Reproduce, please, only the lines from the first line below to the line containing "Комбинезон-трансформер, Зима, Лососевый, арт.", inclusive.

Stored data:
————
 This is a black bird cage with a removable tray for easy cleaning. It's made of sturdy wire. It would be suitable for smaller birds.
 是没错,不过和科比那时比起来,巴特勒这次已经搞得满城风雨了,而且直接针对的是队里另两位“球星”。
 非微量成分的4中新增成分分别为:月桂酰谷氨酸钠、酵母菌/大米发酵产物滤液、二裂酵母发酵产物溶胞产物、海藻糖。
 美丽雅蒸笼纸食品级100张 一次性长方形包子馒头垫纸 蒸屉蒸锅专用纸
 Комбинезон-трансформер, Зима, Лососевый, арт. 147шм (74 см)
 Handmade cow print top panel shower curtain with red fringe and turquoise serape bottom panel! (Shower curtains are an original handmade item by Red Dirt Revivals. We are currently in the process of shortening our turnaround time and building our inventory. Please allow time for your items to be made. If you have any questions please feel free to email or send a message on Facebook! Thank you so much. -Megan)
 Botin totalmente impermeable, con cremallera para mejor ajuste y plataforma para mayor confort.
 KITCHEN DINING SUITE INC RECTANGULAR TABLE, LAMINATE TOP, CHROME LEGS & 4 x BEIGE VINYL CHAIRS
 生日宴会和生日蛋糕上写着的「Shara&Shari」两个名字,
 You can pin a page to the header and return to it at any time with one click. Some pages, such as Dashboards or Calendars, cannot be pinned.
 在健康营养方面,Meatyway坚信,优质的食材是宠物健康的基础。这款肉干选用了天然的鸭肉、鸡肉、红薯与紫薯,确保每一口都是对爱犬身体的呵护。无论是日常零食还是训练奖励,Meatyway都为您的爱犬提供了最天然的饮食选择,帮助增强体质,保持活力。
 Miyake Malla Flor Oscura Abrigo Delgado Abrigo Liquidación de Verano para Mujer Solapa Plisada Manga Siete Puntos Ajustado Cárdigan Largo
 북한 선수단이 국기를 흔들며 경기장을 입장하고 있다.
————
**WRITTEN SOLUTION**
 This is a black bird cage with a removable tray for easy cleaning. It's made of sturdy wire. It would be suitable for smaller birds.
 是没错,不过和科比那时比起来,巴特勒这次已经搞得满城风雨了,而且直接针对的是队里另两位“球星”。
 非微量成分的4中新增成分分别为:月桂酰谷氨酸钠、酵母菌/大米发酵产物滤液、二裂酵母发酵产物溶胞产物、海藻糖。
 美丽雅蒸笼纸食品级100张 一次性长方形包子馒头垫纸 蒸屉蒸锅专用纸
 Комбинезон-трансформер, Зима, Лососевый, арт. 147шм (74 см)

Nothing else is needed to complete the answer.